Cleveland Heights, Ohio
Jan 21, 2010 - 01:01pm PT
This is sad news.

When Art and Jim Erickson were in the Valley in 1974, I got to know him a little. He was very engaging. The only climbing the three of us did together was trying to work out how to get started up "Crack-a-go-go." We each had different ways of using the holds and fed off each other's successes. Fun day. I had to leave the Valley for my teaching gig at RockCraft. I don't think I saw Art again after that. It seemed both impossible and inevitable that he and Jim climbed Half Dome free a few years later. Brought a big smile to my face.

Art was a very cool guy. My condolences to his family and friends.

Social climber
Steamboat Springs, Co
Jan 21, 2010 - 01:16pm PT
Hey guys, sorry to read about the loss in your community.

My name is Joel Reichenberger. I'm a sports reporter in Steamboat Springs and I'm trying to piece together a story about Art. I'd really like to track down some people that knew Art and climbed with him. If there's anyone here that knew him, I'd love to talk to you about the guy and all he was able to accomplish.

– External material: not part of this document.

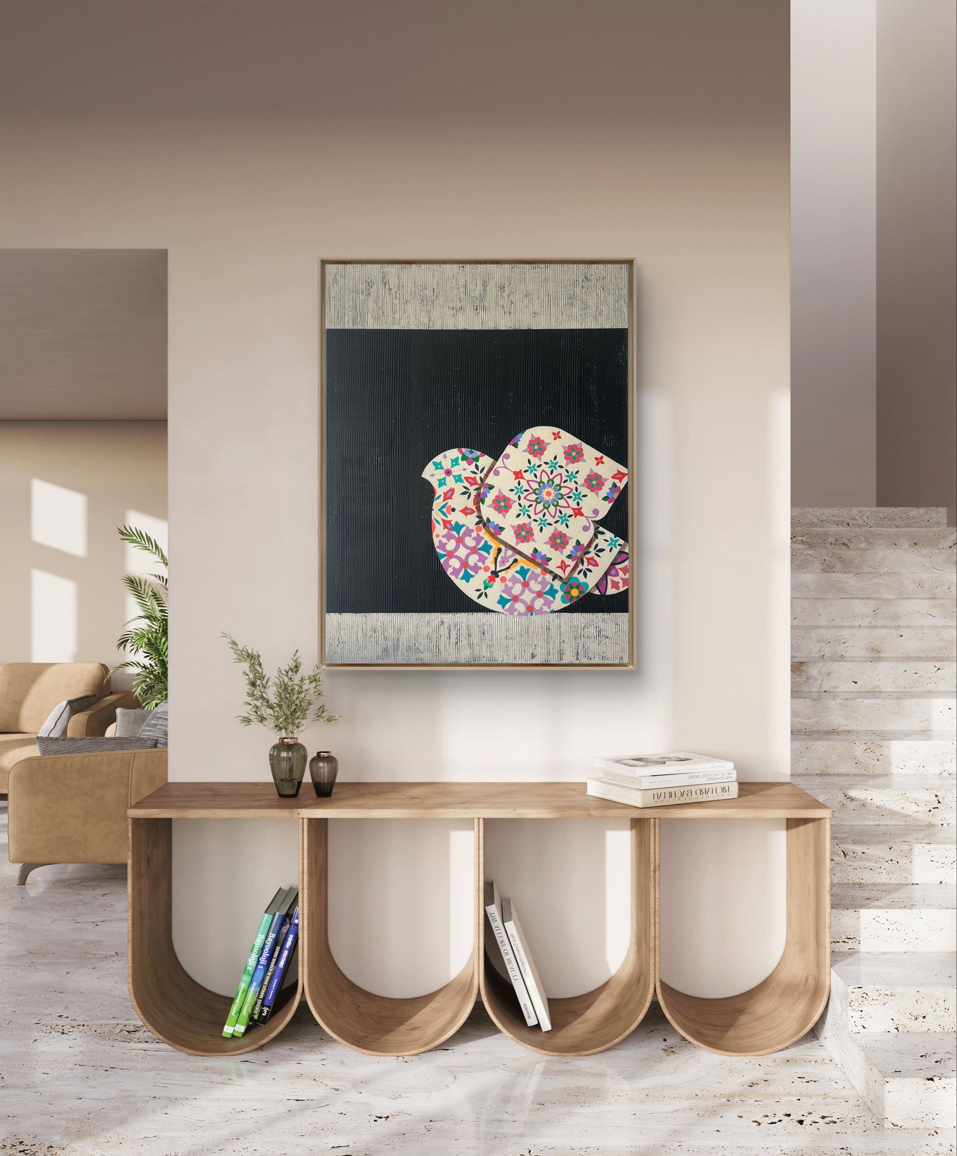 Frames are available upon request for an additional cost. Delivery and assembly typically take 7-10 business days. For inquiries, contact me at marjanzamanianart@gmail.com.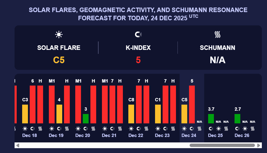 У четвер, 25 грудня, очікується слабка магнітна буря. Активність Сонця відповідатиме К-індексу 3.7 (зелений).

You can reach me at my office at 970-871-4253, or on my cell phone at 316-204-4094. Or, feel free to shoot me an e-mail at

Thank you very much for your help.
Joel Reichenberger

Gym climber
Steamboat Springs
Jan 21, 2010 - 01:16pm PT
Howdy Guys,

I live in Steamboat and was a good friend of Art. It is all so tragic that Art was really on the path to a better life and then this happened.

I am posting this in an attempt to find Mike Covington to make sure he knows of Art's death. Does anyone know where he is and how to make contact with him?

Thanks for your help.

Scott Berry
Double D

Jan 21, 2010 - 01:49pm PT
My condolences to all of Art’s family and friends. He was an inspiration to many and truly way ahead of his time.

Anne-Marie Rizzi

Jan 21, 2010 - 02:41pm PT
Art, Jim Erickson and brother Dave Erickson and I hung out quite a bit during their Valley trips. When Dave took a very bad fall and was hospitalized, Art and I shared Jim's Fresno motel room, in order to visit Dave. So many of the details of those adventures have faded, but I've always felt fondness for Art, Jim, and Dave.

What a shame. Hope he had a great life.